DISTINCT vs GROUP BY in SQL
SQL (Structured Query Language) is used to manage and manipulate the data in relational databases. It can be used for tasks such as database querying, data editing, database and table creation and deletion, and granting user permissions.
We can use the DISTINCT keyword and GROUP BY clause when we want to obtain the unique records of a table in SQL. Even though their purpose is the same, they are used in various ways and they also function differently.
DISTINCT Keyword
The DISTINCT keyword retrieves unique values or records from a table, eliminating duplicates. It is applied with the SELECT statement to obtain unique values of one or more columns. Consider a sales table with customer ID, name, product, and price. To find the unique products in the sales table, we can use the DISTINCT keyword.
Syntax:
SELECT DISTINCT column(s) FROM table_name
GROUP BY
The GROUP BY clause groups similar or identical values in a table and is used with aggregate functions like AVG(), SUM(), MAX(), MIN(), COUNT(), etc. It is employed with the SELECT statement and is positioned after the WHERE clause. Unlike DISTINCT, GROUP BY doesn’t directly remove duplicate records; instead, it groups similar values into sets and applies aggregate functions.
Syntax:
SELECT column_name1, aggregate_function(column_name) FROM table_name GROUP BY column_name1;
Examples of DISTINCT and GROUP BY in SQL
Let’s take a closer look at the functionality and use cases of GROUP BY and DISTINCT using a simple example in MySQL.
Sales Table:
-- Create sales table
CREATE TABLE sales(
OrderID INT PRIMARY KEY,
Product VARCHAR,
Name VARCHAR(50),
Price INT
);
To add the value to the sales table:
-- Insert data into sales table
INSERT INTO sales (OrderID,Product, Name, Price) VALUES
(1, 'Laptop','John', 1200),
(2, 'Smartphone','Alice', 800),
(3, 'Tablet','John', 500),
(4, 'Laptop','Bob', 1200),
(5, 'Laptop','Alice', 1200),
(6, 'Tablet','Emily' 400);
DISTINCT keyword
Example 1: Unique Products from Sales Table
SELECT DISTINCT Product FROM sales;
Output:
Explanation: The above result shows the unique values in the product column i.e. without duplicates.

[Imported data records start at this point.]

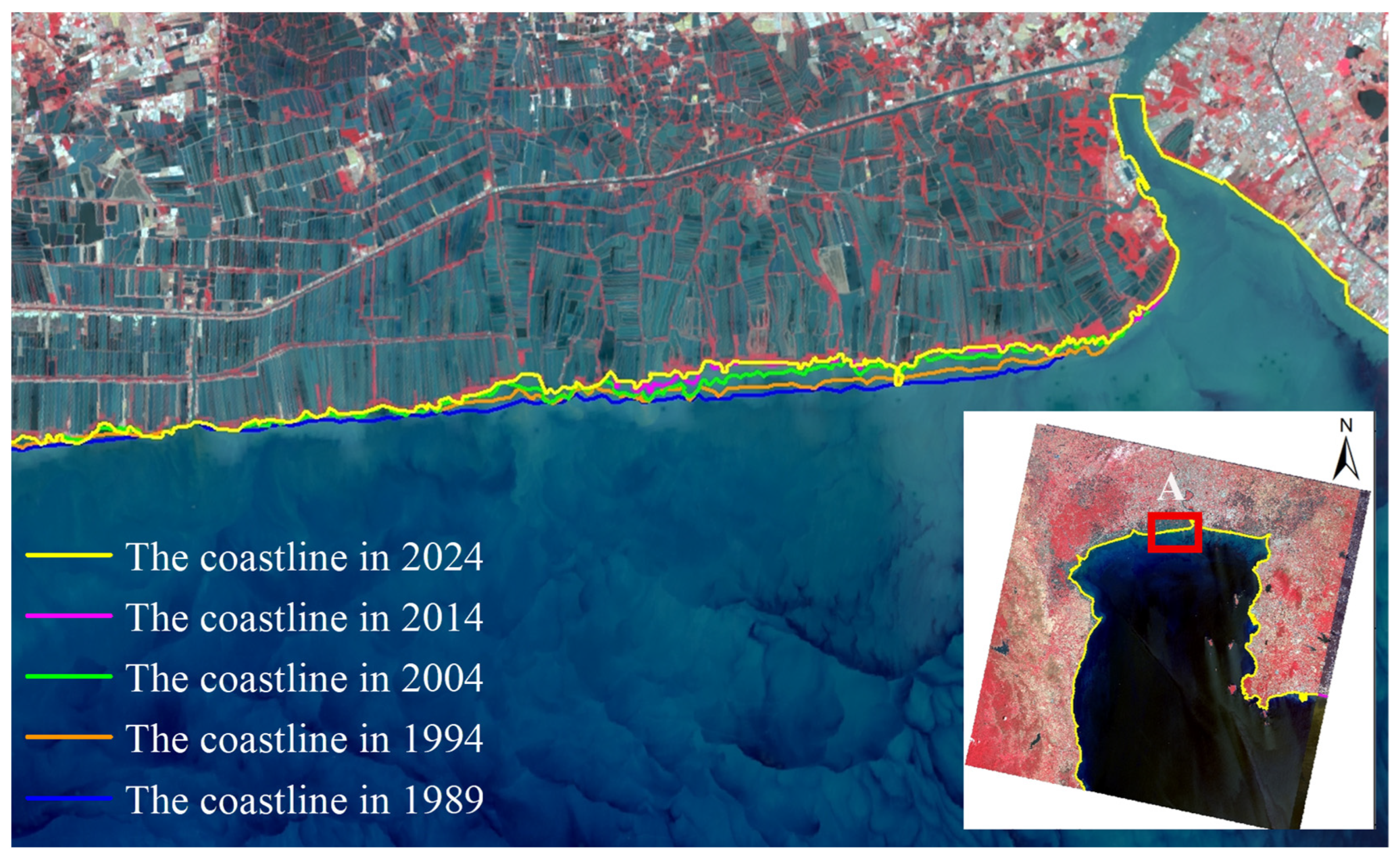 2.5. Calculation Method of Coastline Change
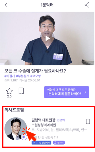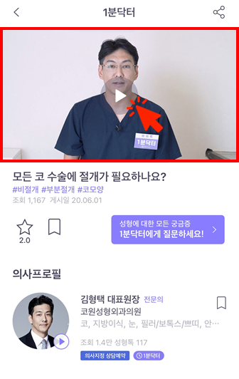 총 3개의 1분닥터 영상이 보이는데 아무거나 눌러서 들어가시면 됩니다.
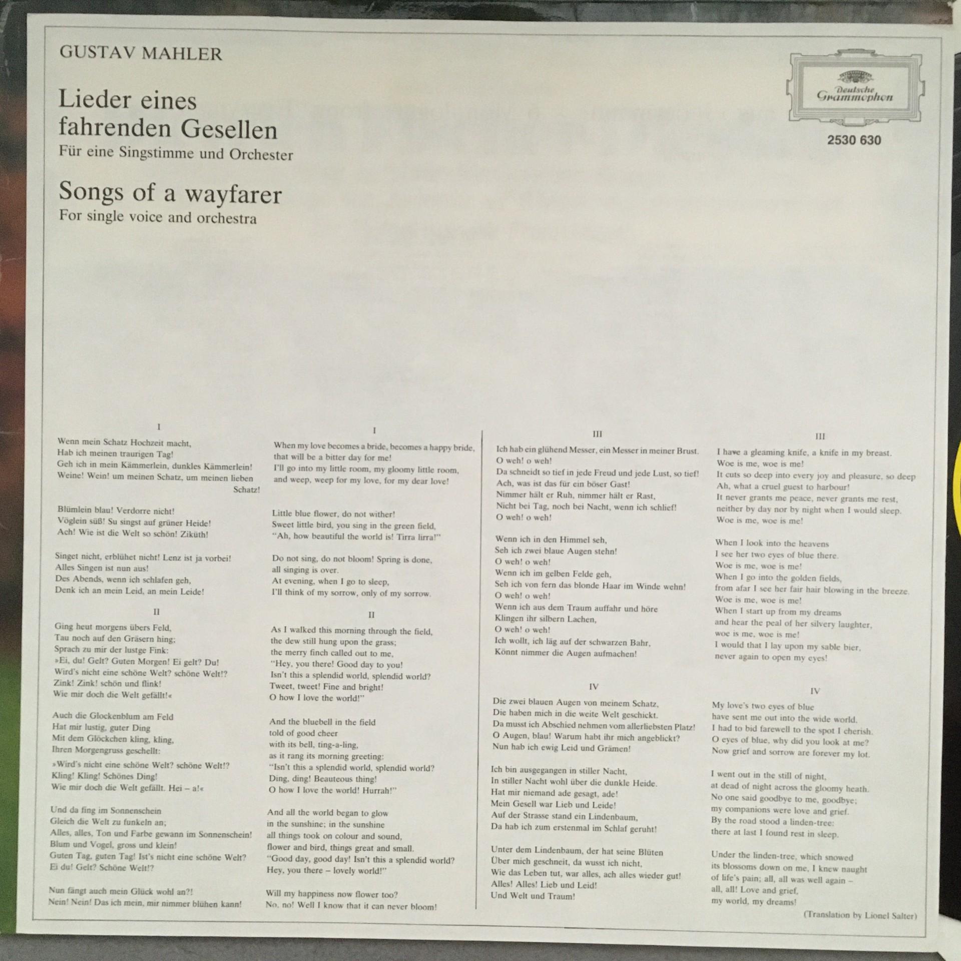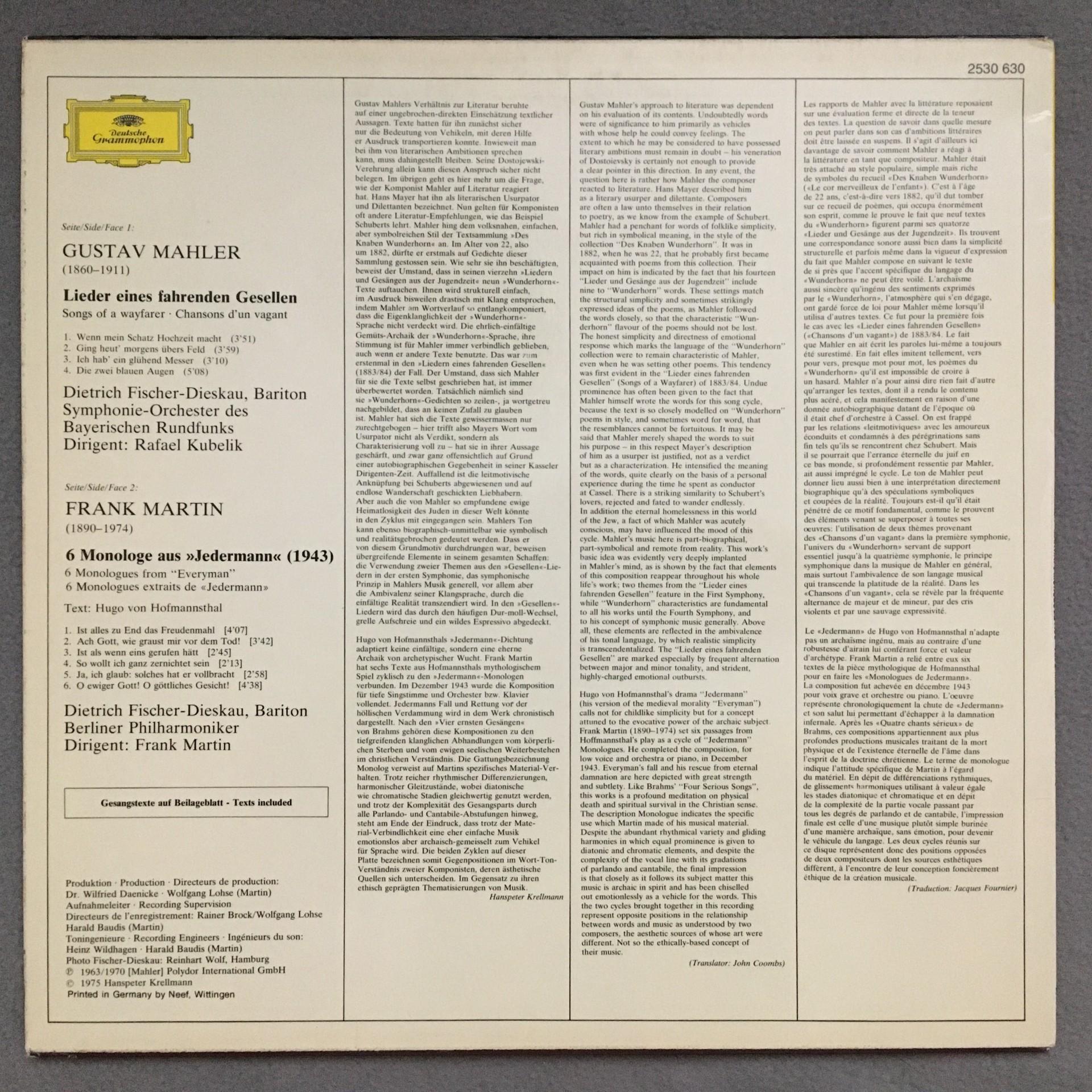 M842 Fischer-Dieskau Mahler Songs Martin Monologues Kubelik DGG 2530 630 Stereo
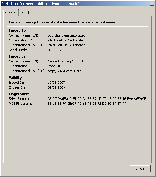 https://www.indymedia.org.uk/en/2007/03/364390.html#security You have the right cert, the SHA1 and MD5 fingerprints match, this means nobody has hijacked your session.
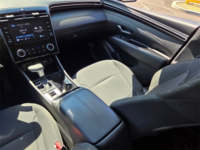 24/29 City/Highway MPGPhantom Black 2022 Hyundai Tucson SE AWD 8-Speed Automatic with SHIFTRONIC 2.5L I4 DGI DOHC 16V LEV3-ULEV70 187hp AWD.If you don't drive here, you can't save here!Price may not include recon fee. Cargo Package (Cargo Net, Cargo Tray, and First Aid Kit), Option Group 01, AWD, 3.648 Axle Ratio, 4-Wheel Disc Brakes, 6 Speakers, ABS brakes, Air Conditioning, Alloy wheels, AM/FM radio, Apple CarPlay & Android Auto, Auto High-beam Headlights, Brake assist, Bumpers: body-color, Cargo Cover, Carpeted Floor Mats, Delay-off headlights, Driver door bin, Driver vanity mirror, Dual front impact airbags, Dual front side impact airbags, Electronic Stability Control, Four wheel independent suspension, Front anti-roll bar, Front Bucket Seats, Front Center Armrest, Front reading lights, Fully automatic headlights, Illuminated entry, Low tire pressure warning, Occupant sensing airbag, Outside temperature display, Overhead airbag, Overhead console, Panic alarm, Passenger door bin, Passenger vanity mirror, Power door mirrors, Power steering, Power windows, Radio data system, Radio: AM/FM/HD Audio System, Rear anti-roll bar, Rear seat center armrest, Rear window defroster, Rear window wiper, Remote keyless entry, Security system, Speed control, Split folding rear seat, Spoiler, Stain & Odor Resistant Cloth Seat Trim, Steering wheel mounted audio controls, Tachometer, Telescoping steering wheel, Tilt steering wheel, Traction control, Trip computer, Variably intermittent wipers, Wheel Locks, and Wheels: 17" x 7.0J" Alloy.
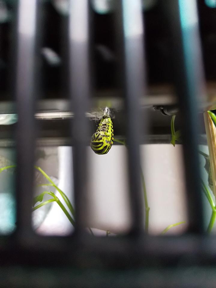 ケースの天井でわざわざ蛹になる準備を始めた幼虫…
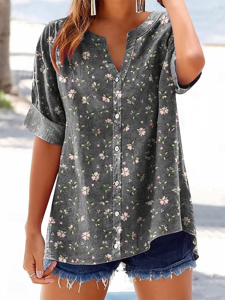 Women's Floral Pattern Art Print Casual Short Sleeve Comfortable Cotton Shirt
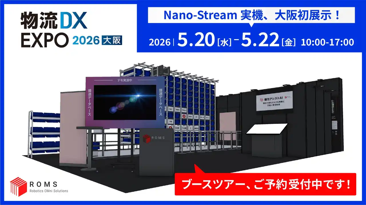 ROMSは、小型自動倉庫『Nano-Stream(ナノ・ストリーム)』の実機展示と、梱包作業時の箱サイズ選定の悩みをゼロにする『梱包アシストAI』のご案内を実施します。ご来場の際はぜひ、弊社ブースへお立ち寄りください。 |
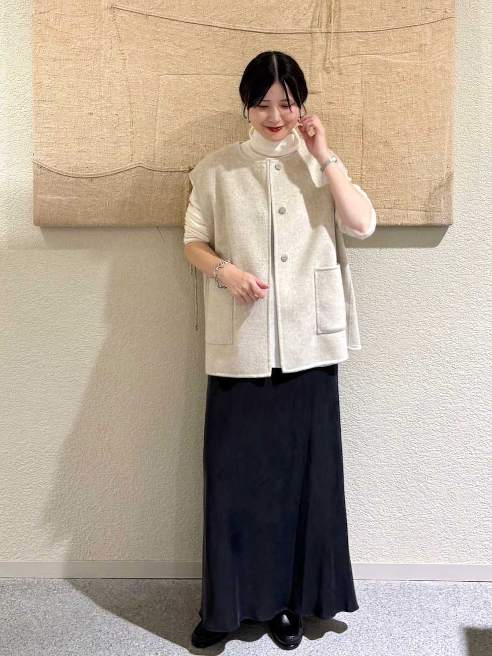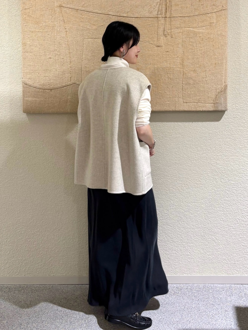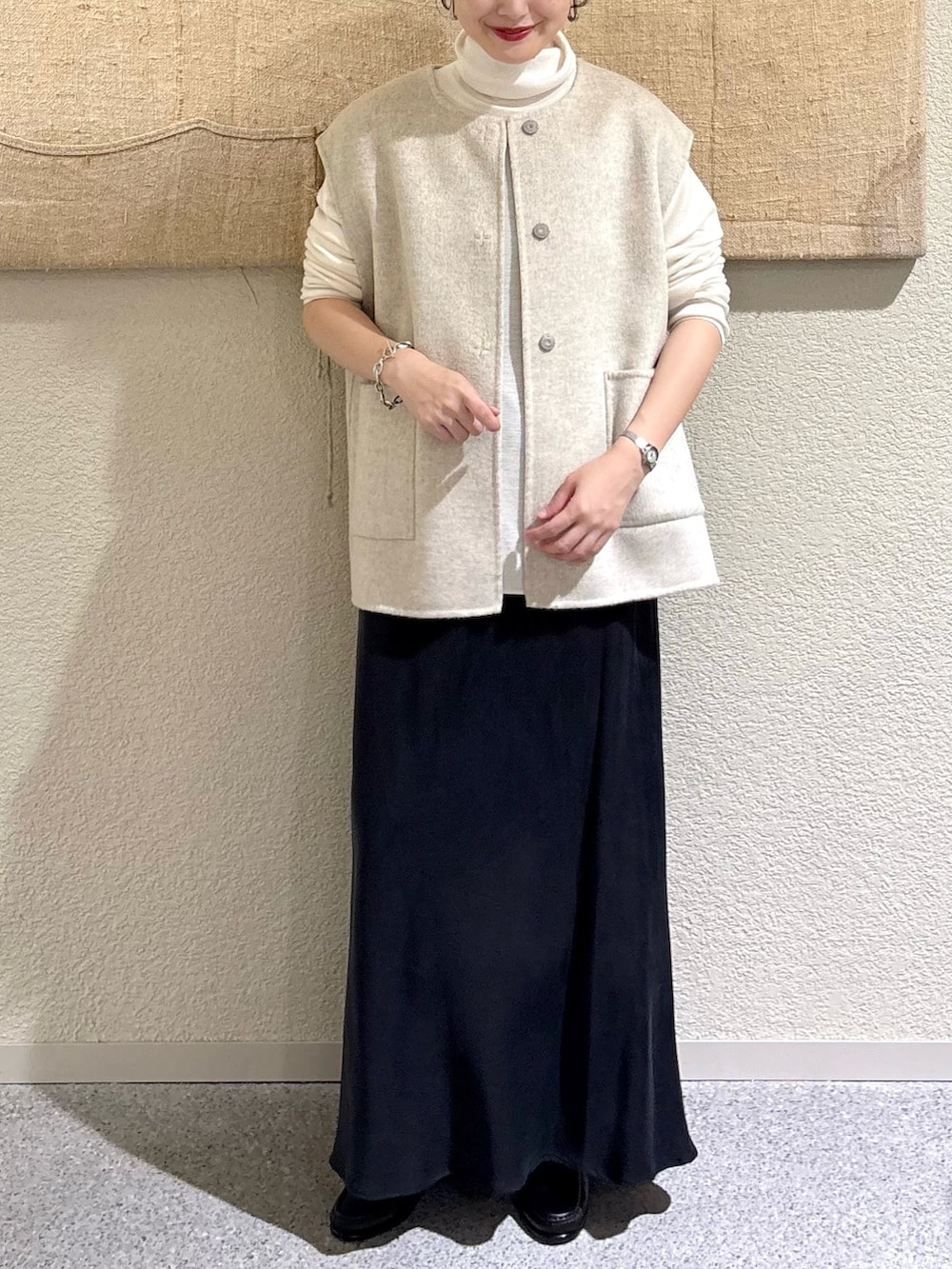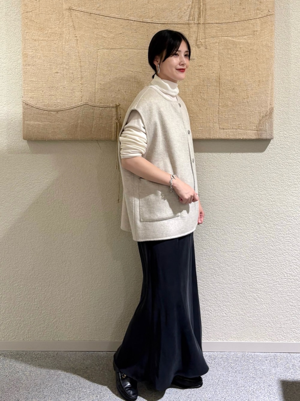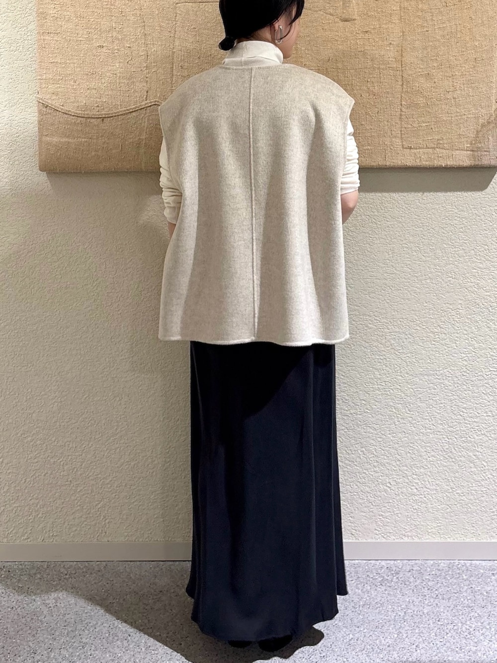 リバー仕立てのウールベスト。ふっくらとした表情で温かみがあり、ショート丈ですっきり重ねられる設計です。オートミールの柔らかな色味がコーデにやさしいニュアンスを加え、タートルとの相性も抜群。
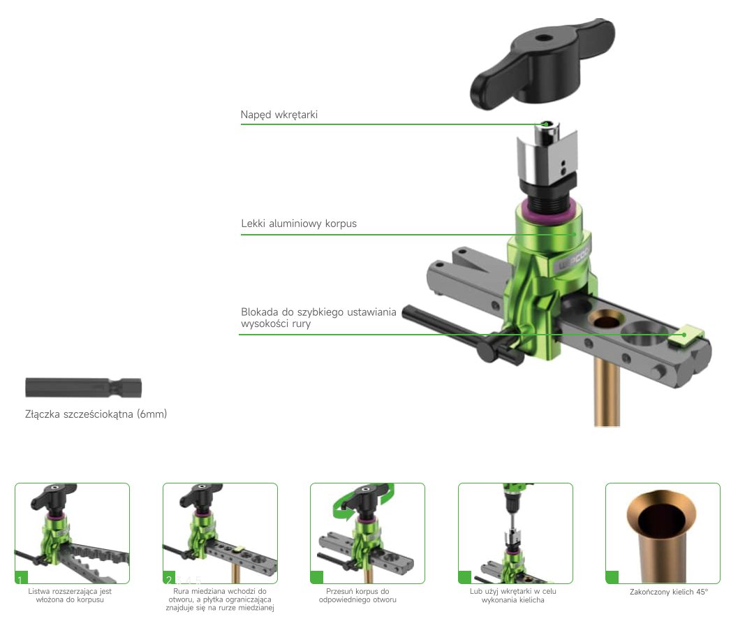 Idealne narzędzie dla profesjonalistów HVAC, instalatorów i serwisantów, którzy cenią sobie precyzję, wydajność i uniwersalność w swojej pracy. Zapewnij sobie najwyższy standard wykonywanych usług dzięki kielicharce, która jest synonimem nowoczesności i niezawodności.
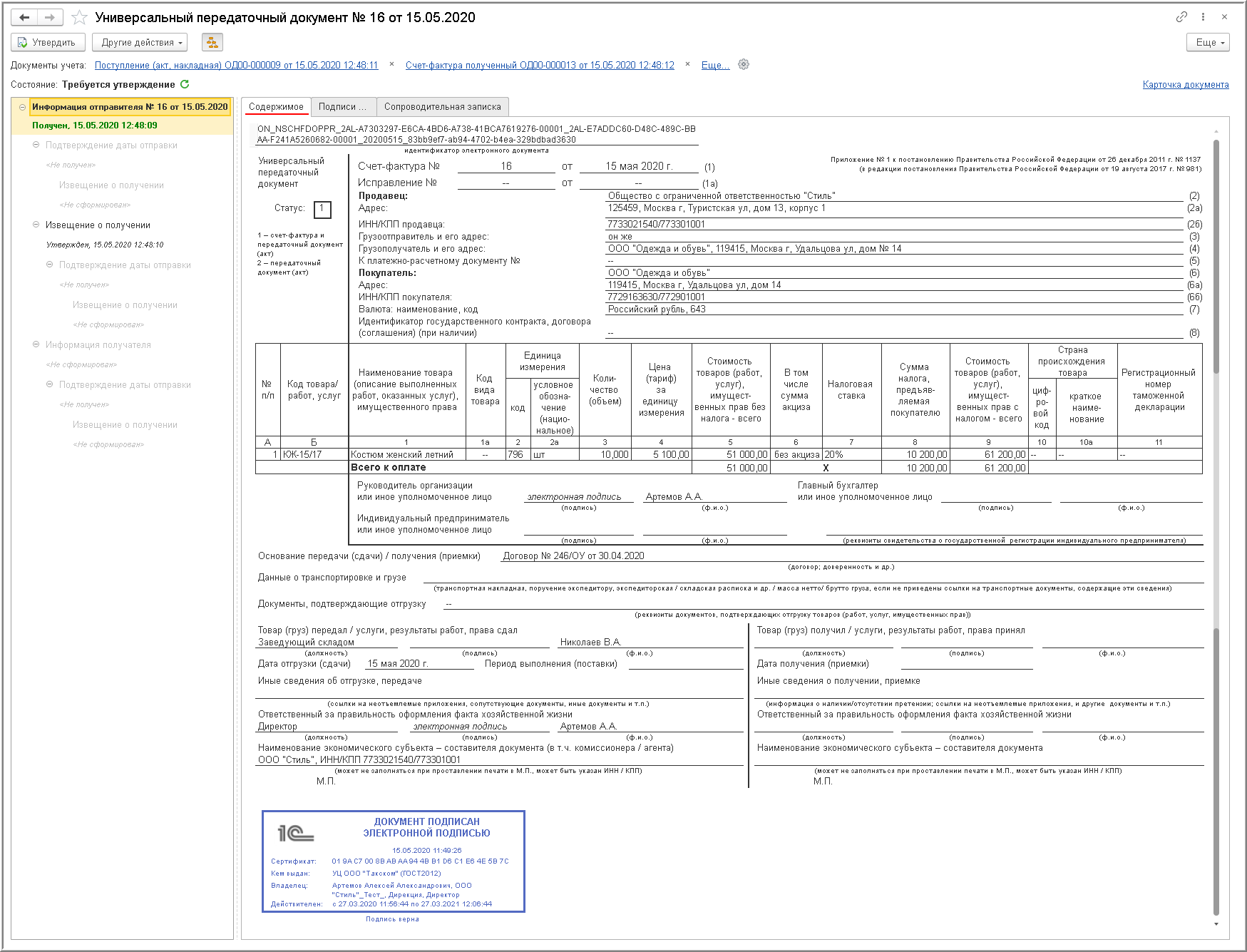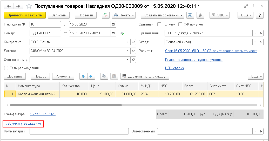 В информационной строке состояния электронного обмена документа "Поступление (акт, накладная)" будет установлено значение Требуется утверждение (рис. 5).

Example 2: Find a the DISTINCT product and price
SELECT DISTINCT Product, Price FROM sales;
Output:
Explanation: The DISTINCT keyword can be used with multiple columns but it is recommended to use it on necessary columns to obtain the desired result.
GROUP BY clause
Example 1: Find the total sales of each product
SELECT Product ,SUM(Price) FROM sales GROUP BY Product;
Output:
Explanation: This SQL query retrieves the total sales for each unique product from the “sales” table. The output displays product names alongside their corresponding aggregated sum of prices.
Example 2: Find the total sales and quantity of each product
SELECT Product, SUM(price) as total_sales, COUNT(*) as quantity FROM Sales GROUP BY Product;
Output:
Explanation: This SQL query calculates the total sales and quantity for each unique product in the “Sales” table. The output presents product names, their total sales, and the respective quantities.
DISTINCT vs GROUP BY in SQL
Feature |
DISTINCT |
GROUP BY |
---|---|---|
Used for |
Unique values from a single column |
Grouped data (by one or more columns) along with aggregate function calculation. |
Syntax |
SELECT DISTINCT column1 FROM table_name; (multiple columns can be added) |
SELECT column1 aggregate_function(column_name) FROM table_name GROUP BY column1; (multiple columns can be added) |
Goal |
Removes duplicate rows from the result |
Groups rows based on specified columns, and use aggregate functions |
Columns in SELECT |
Include only the column(s) for which uniqueness is desired |
Include columns specified in group by clause as well as columns for which aggregate functions are applied |
Conclusion
In conclusion, DISTINCT and GROUP BY in SQL, though serving the common purpose of obtaining unique records, are applied differently. DISTINCT is suitable for obtaining unique values from one or more columns, while GROUP BY is employed for grouping data based on one or more columns along with aggregate function calculations. Understanding when to use each is crucial for crafting efficient and effective SQL queries.